Groundwater provides drinking water for 70 percent of Wisconsin residents and helps to maintain lake and river levels across the state. Overusing or contaminating the groundwater supply can threaten the health of our families and the quality of our waters. Many areas in Wisconsin experience the negative impacts of drawn-down aquifers and contaminated groundwater. The Little Plover River, a Class 1 trout stream located near Stevens Point, for example, has run dry multiple times in recent years as a result of insufficient levels of groundwater.

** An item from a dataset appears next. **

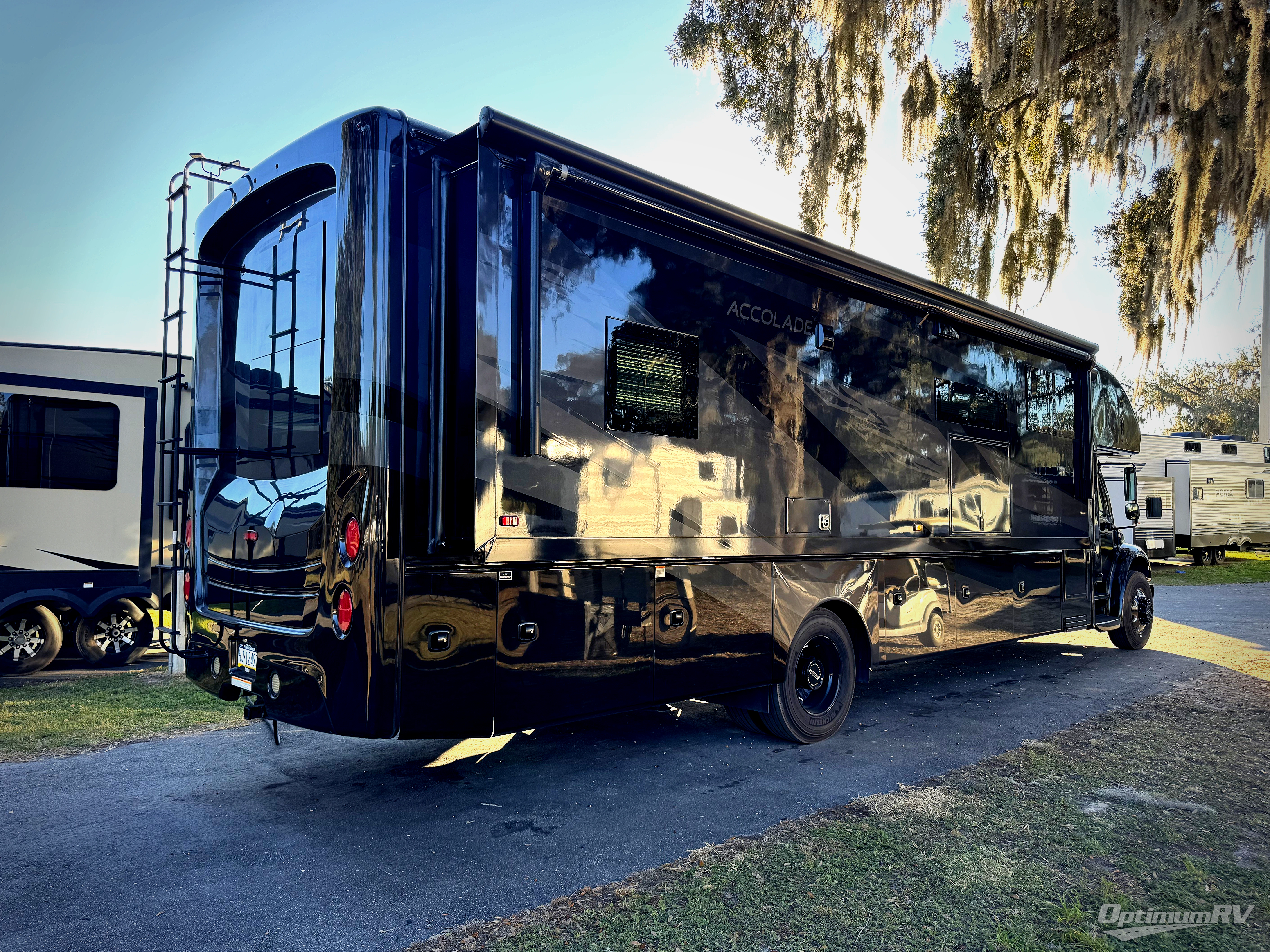 Strength and luxury come together perfectly to bring you the Accolade Super C diesel motorhome by Entegra Coach. The E-Z Drive Premier includes a computer-balanced driveshaft, a heavy-duty rear stabilizer bar, SACHS shocks, and more to provide a smooth drive. You'll be able to feel the power behind the Cummins ISB 6.7L diesel engine with 360 HP and 800 ft. lb. torque, plus each model sits on the advanced Freightliner S2RV chassis. The cockpit is every captain's dream with its Sony infotainment center, backup and side-view cameras, 6-way power driver and passenger seats, and much more. Step inside to find vinyl plank flooring, LED-lit, solid-surface kitchen countertops, and an electric fireplace to name a few comforts. The Accolade also includes many convenient amenities to make each trip enjoyable, like the water filtration system, the Winegard in-motion satellite dish, and the automatic hydraulic leveling jacks!

Clean Wisconsin works with legislators and municipalities to conserve groundwater and ensure Wisconsin residents have access to clean, healthy drinking water. A large part of this work focuses on strengthening the 2004 Groundwater Protection Act (Act 310), which was a good first step in protecting the state's groundwater but has proven inadequate for the long-term protection of the waters of Wisconsin. The Little Plover is only one of many rivers, lakes and springs in the state that have run dry since the passage of this law in 2004. Many of these occurrences have been linked to the increasing number of high capacity wells and demonstrate that the 2004 law alone is not sufficient. Clean Wisconsin will continue its work to strengthen groundwater protections in the legislature as well as work with municipalities and encourage them to adopt strong water conservation measures.